First, the rule: No interest is valid unless it must vest, if at all, not later than 21 years after some measuring life at the creation of the interest.  But let's think of this in a more helpful way; if there is any possibility that an interest in property will not vest within 21 years of someone who is alive at the time that the interest is granted (a measuring life), then the common law Rule Against Perpetuities is violated. And so in determining whether the rule has been violated you've got to come up with a hypothetical situation in which someone who has been granted a non-vested interest in property might have that property vest more than 21 years after all the measuring lives have died. 

Let's say A grants property to B for "so long as no alcohol is consumed on the property, and then to C." Here B has a fee simple subject to an executory limitation, and C has an executory interest. But the question is whether the executory interest granted to C is valid. The measuring lives here are A, B, and C. It's possible that A, B, and C could die and then more than 21 years after the death of all, B's heirs will violate the condition causing the property to vest in C's heirs. But that vesting will occur more than 21 years after the death of the measuring lives. And so the executory interest in C violates the Rule Against Perpetuities, and the grant becomes a fee simple determinable. If the condition is violated, the interest will revert back to A or A's heirs rather than shifting to C or C's heirs. 

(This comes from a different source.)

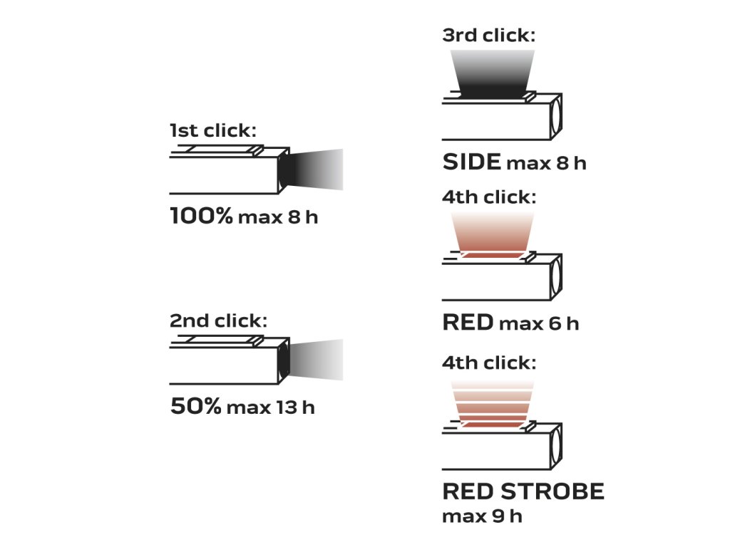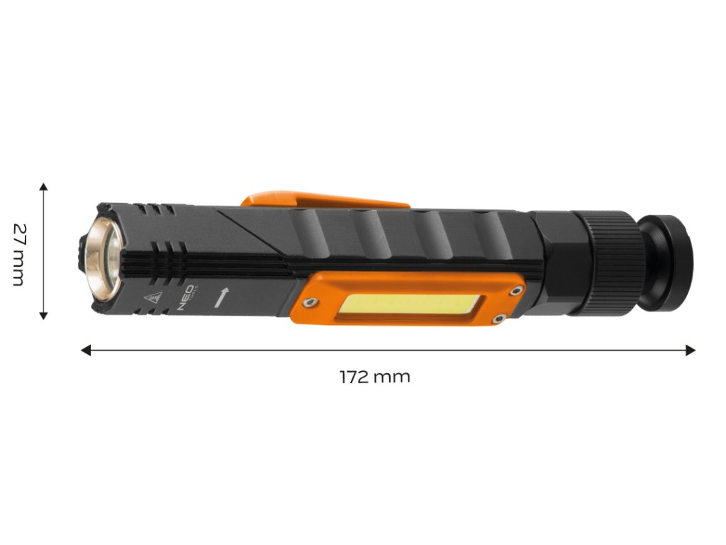 Nabíjecí baterka NEO (ref. 99-034) je produkt 2 v 1. Je vybavena moderní LED CREE XPE a COB LED se světelným tokem 300 lumenů a výkonem 3 W. Maximální dosah je 70m. Baterka je napájena přiloženou 3,7V Li-Ion baterií s kapacitou 2000 mAh. Baterka má 5 světelných funkcí: 100%, baterka 50%, boční světlo 100%, boční světlo červené a boční světlo červený stroboskop. Konstrukce hlavy otočné o 180 stupňů a magnet v základně zvyšují funkčnost baterky. USB kabel je součástí dodávky.

Or let's say that A grants property "to B for life then to B's children for life, and then to B's grandchildren."Assume that at the time of the grant to B, B has two children, C and D, and one grandchild, E. Again, ask yourself whether it's possible that any of the granted interests might vest more than 21 years after all the measuring lives have died. The measuring lives here are A, B, C, D, and E. Assume that a week after the grant, C, D, E, and A all die. Sometime later B has another child, F. Note that F is not a measuring life because F was not alive at the time of the grant. Then B dies. 

So now F is alive and as per the grant, when B dies the property goes to F, B's child. No problem there since it was certain the property to F would vest within 21 years of a measuring life (here, B). F lives for another 25 years and then has a child, G. Then F dies. Now the property is supposed to vest in G, B's grandchild. The problem for G though is that all the measuring lives (A, B, C, D, and E) have been dead for more than 21 years. If F were a measuring life, there would be no problem. But F is not a measuring life as discussed above. So, it was possible as per the grant that a granted interest would vest more than 21 years after the death of all measuring lives (it happened here, so it had to have been possible).  Because of that possibility, the interest granted to B's grandchildren violates the rule and should be stricken. 

The rule is as horrible as everyone claims it to be. And there are certain details not covered in this post that could be tested on the MBE. But if you understand the above, you'll begin to understand how to analyze these problems, and the "legal nightmare" might be a bit less scary.